Petitioner was tried by a military judge sitting as a general court-martial. Pursuant to his pleas, he was found guilty of wrongful distribution and use of hashish, in violation of Article 112a, Uniform Code of Military Justice, 10 U.S.C. § 912a [hereinafter UCMJ], He was sentenced to one month confinement, a reprimand, and reduction to Private E-l. The convening authority approved the sentence. As required by law, Petitioner’s case was reviewed under the provisions of Article 69(a), UCMJ, 10 U.S.C. § 869(a), and was found legally sufficient. Petitioner now asks this court for extraordinary relief to “vacate the findings, dismiss the charges and overturn the conviction.”

*641At petitioner’s trial, an issue of command influence was litigated. After hearing evidence on the issue, the military judge found no unlawful command influence and denied the motion. Petitioner’s request for extraordinary relief is based upon this issue. After receiving the petition, this Court specified the issue of whether this Court has jurisdiction to entertain the petition.1 We conclude that we have jurisdiction but deny the requested relief.

In Littleton v. Persons, 7 MJ. 582 (A.C.M.R.1979), this Court held that it had no jurisdiction under the All Writs Act2 to review a general court-martial which was reviewed under Article 69(a), UCMJ. Later, in determining “whether either the Court of Military Review or [the Court of Military Appeals] has jurisdiction to entertain [a] petition for extraordinary relief” in a special court-martial not qualifying for review under Article 66(b), UCMJ, the Court of Military Appeals held that it had jurisdiction. Unger v. Ziemniak, 27 M.J. 349, 351 (C.M.A.1989). The Court stated:

Our power to grant extraordinary relief in [these cases] allows the accused to obtain judicial review of constitutional claims without being required to undertake expensive collateral attack in the Article III courts. Availability of extraordinary judicial relief within the military justice system reinforces ‘the “integrated” nature of the military court system,’ see McPhail v. United States, 1 M.J. 457 at 462 (C.M.A.1976),____

Unger, 27 M.J. at 354. This same reasonjng appiies to this Court. We hold that we have jurisdiction to entertain the petition for extraordinary relief in the case before us.3

Having found jurisdiction to entertain the petition, we do not believe it should be exercised in this case. See Unger, 27 M.J. at 355 and 359 (Cox J., concurring). At trial the military judge heard evidence on the motion and made extensive findings of fact. He concluded that unlawful command influence did not affect petitioner’s case and denied the motion. We find no reason to disturb his ruling.

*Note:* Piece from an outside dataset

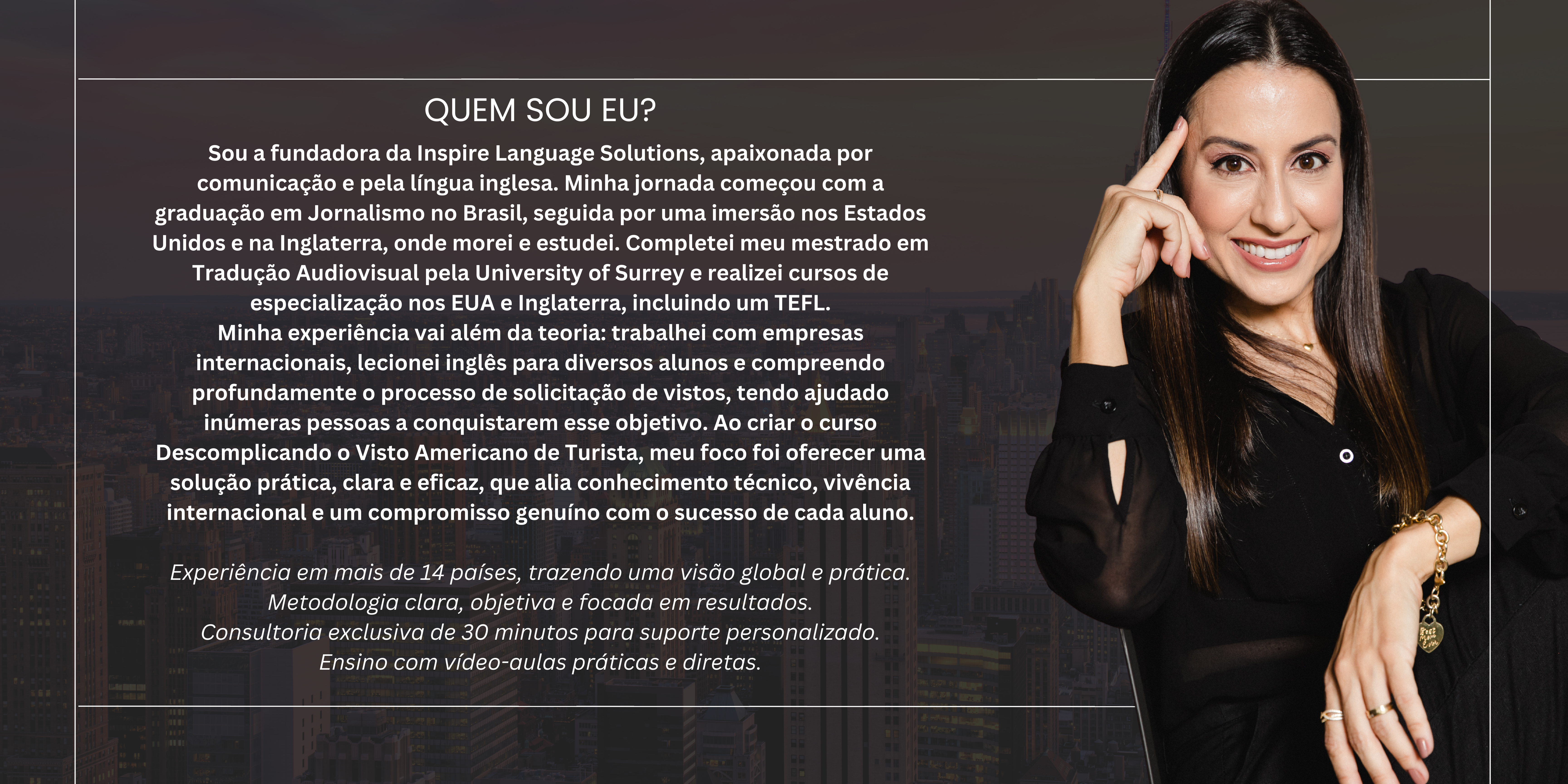 Minha experiência vai além da teoria: trabalhei com empresas internacionais, lecionei inglês para diversos alunos e compreendo profundamente o processo de solicitação de vistos, tendo ajudado inúmeras pessoas a conquistarem esse objetivo. Ao criar o curso Descomplicando o Visto Americano de Turista, meu foco foi oferecer uma solução prática, clara e eficaz, que alia conhecimento técnico, vivência internacional e um compromisso genuíno com o sucesso de cada aluno.
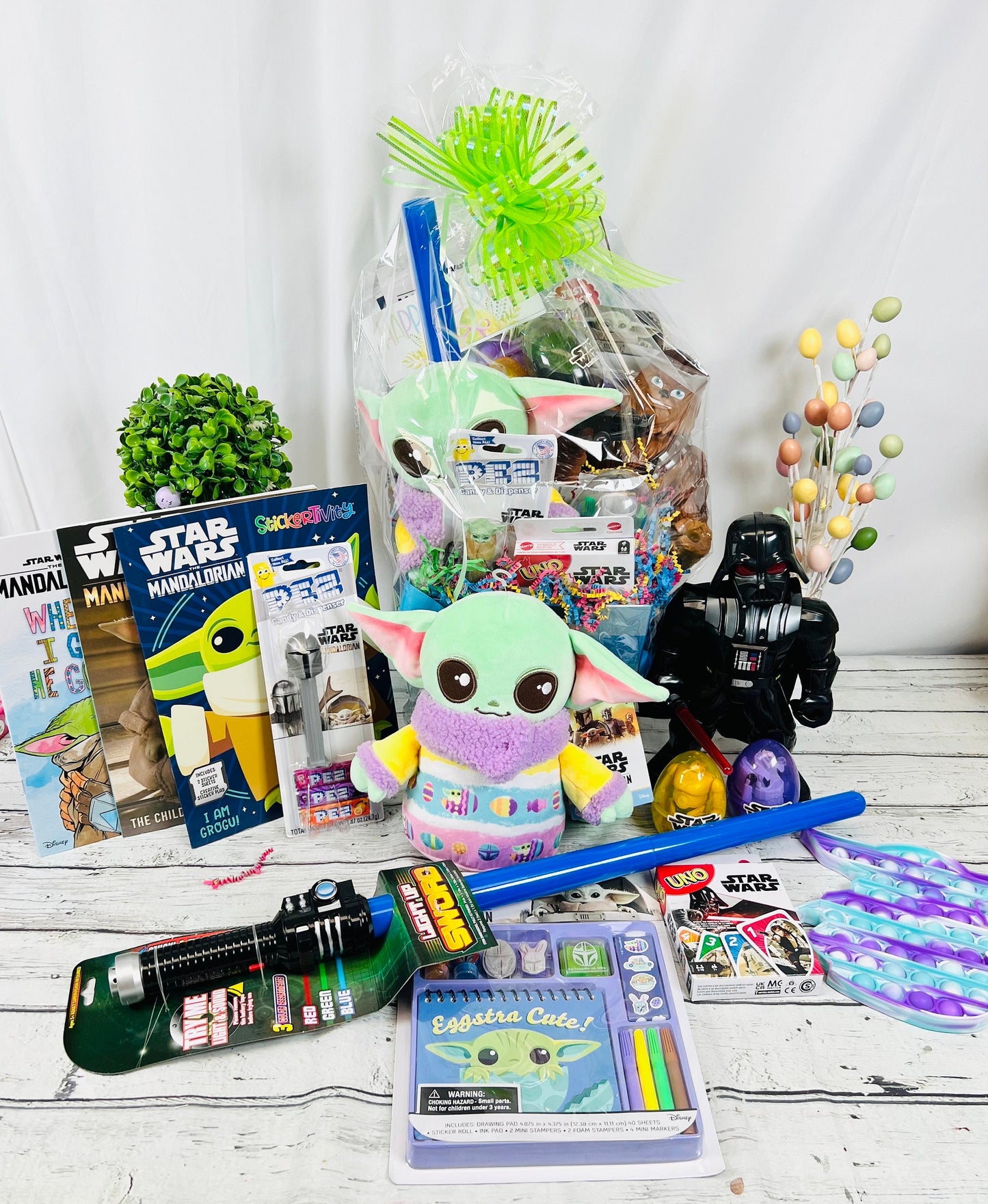 13 Piece Star Wars Easter Basket for kids | Filled Easter Basket | Baby Yoda | Chewbacca | Darth Vader | Easter Accessory for Kids

The Petition for Extraordinary Relief is dismissed.

Judge HAESSIG concurs.

. Article 66(b), UCMJ, 10 U.S.C. § 866(b), provides:

The Judge Advocate General shall refer to a Court of Military Review the record in each of trial by court-martial—
(1) in which the sentence, as approved, extends to death, dismissal of a commissioned officer, cadet, or midshipman, dishonorable or bad-conduct discharge, or confinement for one year or more; and
(2) except in the case of a sentence extending to death, the right to appellate review has not been waived or an appeal has not been withdrawn under section 861 of this title (article 61).

In the Army, other cases are reviewed in the Office of the Judge Advocate General by the Examinations and New Trials Division under the provisions of Article 69, UCMJ. Article 69(a) provides:

The record of trial in each general court-martial that is not otherwise reviewed under section 866 of this title (article 66) shall be examined in the office of the Judge Advocate General if there is a finding of guilty and the accused does not waive or withdraw his right to appellate review section 861 of this title (article 61)____
Article 69(b) provides for review of courts-martial not otherwise reviewed under Articles 66 and 69 upon application of the accused. Article 69(d) provides that the Court of Military Review may review cases reviewed under Article 66(a) and (b) when sent to the Court by the Judge Advocate General.

. 28 U.S.C. § 1651.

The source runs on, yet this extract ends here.